Everybody, thanks a lot for answering. May I know why Sunnis rarely use علیه السلام ?


----------



## WannaBFluent

Because, you have to make a difference between the Prophet Muhammad صلى الله عليه وسلم and the others.


----------



## sb70012

صلی الله علیه و الی و سلم  and علیه السلام  are they same?


----------



## إسكندراني

Yes. Although the first one is usually reserved for prophet Muhammad PBUH and the second is for all prophets.


----------



## sb70012

But even in Sunni books I have seen ع usage.

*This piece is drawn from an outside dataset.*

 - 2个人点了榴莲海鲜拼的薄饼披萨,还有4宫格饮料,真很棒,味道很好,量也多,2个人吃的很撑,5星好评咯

And it's used not to prophet Muhammad.
Do you want me to show it to you?


----------



## إسكندراني

It was used by many authors (even 'Sunni') to refer to Ali, but is not today.

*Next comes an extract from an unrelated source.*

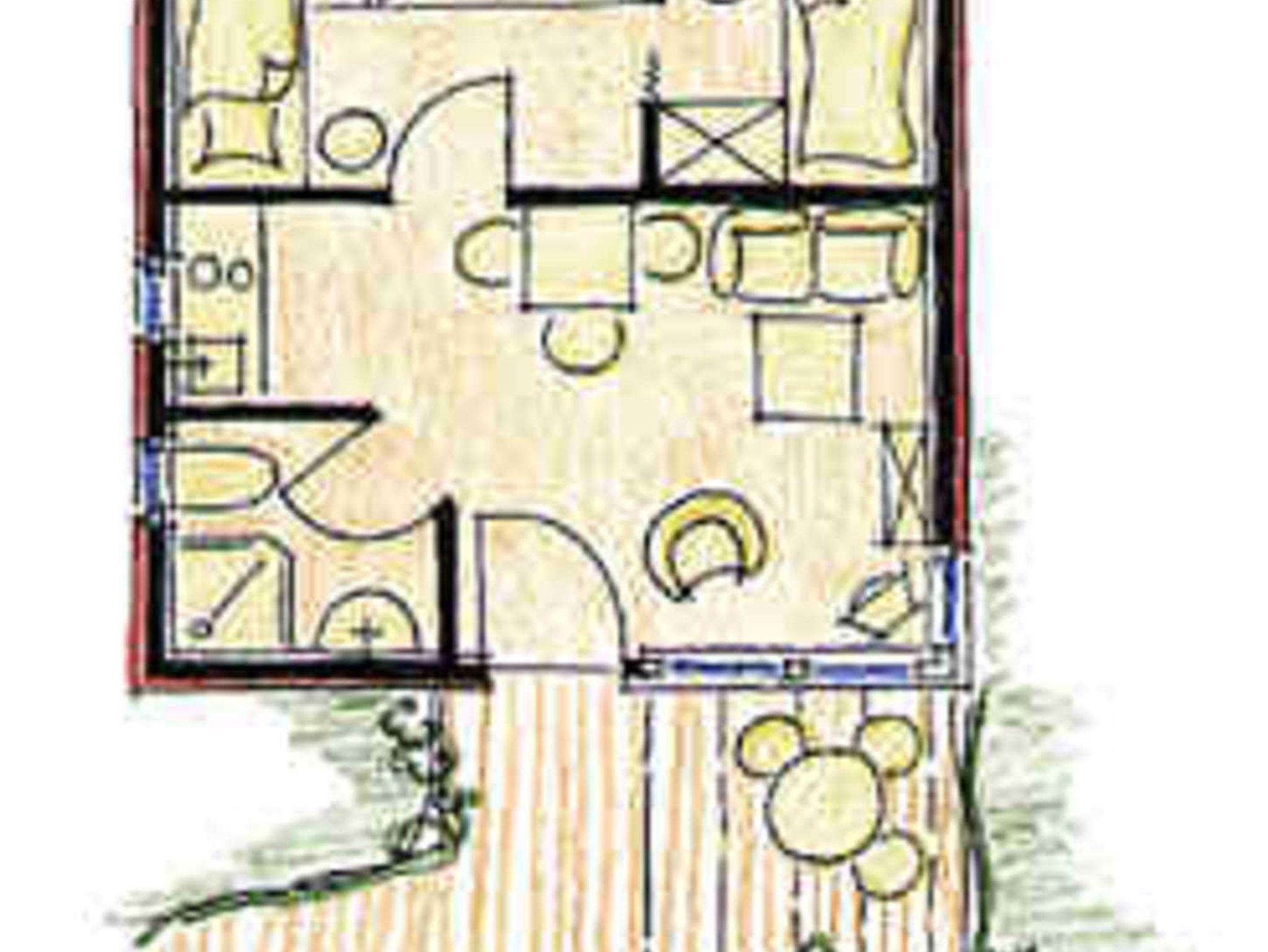 Der Bungalow ist ca. 32 m² groß und ist für bis zu 3 Personen ausgestattet. Im Wohnraum befindet sich eine Sofaecke mit TV und Schrankteil. Die Küchenzeile ist offen zum Wohnraum. Das Schlafzimmer ist ausgestattet mit drei Einzelbetten (ein Bett in einer Schlafnische, abgetrennt durch eine Tür). Im Bad finden Sie ein WC, einen Waschtisch und eine Dusche. Eine kleine Terrasse lädt zum Verweilen ein. Die Waschmaschine und der Trockner befinden sich im Wirtschaftshaus und werden für alle Gäste der Anlage gegen Gebühr bereitgestellt. Das Mitbringen von Haustieren ist unbedingt vorab mit dem Vermieter abzustimmen und es fallen Gebühren an. Bei den ausgewiesenen Bildern handelt es sich um Wohnbeispiele.

By the way, many people see using the abbreviated one-letter form as disrespectful; usually I've seen the whole phrase or a ligature.


----------



## WannaBFluent

Exactly, they use this kind of format :

Prophet Muhammad 



To be honest, I've never seen the abbreviated one-letter in any book.


----------



## cherine

The abbreviation is common in recent prints although, as Iskandarany said, many still see it disrespectful.


MarcB said:


> I am familiar with these phrases. I would like to know if طيب الله ثراه is also used for Prophets or only ordinary people.

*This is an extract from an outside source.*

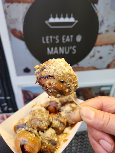 A dessert truck that actually delivers on hype! Let’s Eat @ Manu’s is a flavor explosion wrapped in warmth and street side charm. Tried the OG Waffle loaded with Nutella, banana, strawberries and ice cream. It was dreamy, decadent and worth every bite. The Oreo Magic Waffle hit that perfect crunch. And don’t get me started on the Hot Gulab Jamun, fresh, syrupy and absolute comfort in a bowl. The star? Manu’s Loukoumades — white chocolate, cardamom, pistachio like Athens met India and decided to become dessert soulmates. Kulfi Falooda was creamy and nostalgic, while the Loaded Churros felt like a guilty pleasure served unapologetically. Every item had texture, balance and something memorable. The service at Manu’s was efficient. Highly recommend this spot for anyone chasing indulgence with a side of cultural flair. Whether you are a dessert nerd or just here for the vibes, this truck...

I don't think I've seen it used with any prophet, neither رحمه الله or رحمة الله عليه , although all these expressions are for seeking blessings for the dead. It's just that the prophets are reserved a special treatment, if I may say it this way.


----------



## sb70012

Everybody, thank you so much for answering.
Understood.


----------



## MarcB

cherine said:


> The abbreviation is common in recent prints although, as Iskandarany said, many still see it disrespectful.
> 
> I don't think I've seen it used with any prophet, neither رحمه الله or رحمة الله عليه , although all these expressions are for seeking blessings for the dead. It's just that the prophets are reserved a special treatment, if I may say it this way.


Thanks Cherine I thought so but I wanted to be sure.


----------



## tedfromtoronto

[Moderator's Note: Merged with a previous thread]
I see this written with an s.a. in English and three tiny words stacked on top of each other in Arabic.  It sounds something like salaamu allehi.  Can someone tell me what this is and whether it is always necessary?  Thank you.


----------



## fdb

It is a standard eulogy after mentioning the name of the prophet (صلى الله عليه وسلم) . After عليه the Shia and sometimes the Malikis add وآله.


----------



## tedfromtoronto

Thank you.


----------



## DrKissinger1

[Moderator's Note: Merged with a previous thread]
In the classical Isma'ili text I'm reading, I've seen all three abbreviations: صلع seems reserved for Muhammad, but I've seen both ص and صع used after the names of Imams.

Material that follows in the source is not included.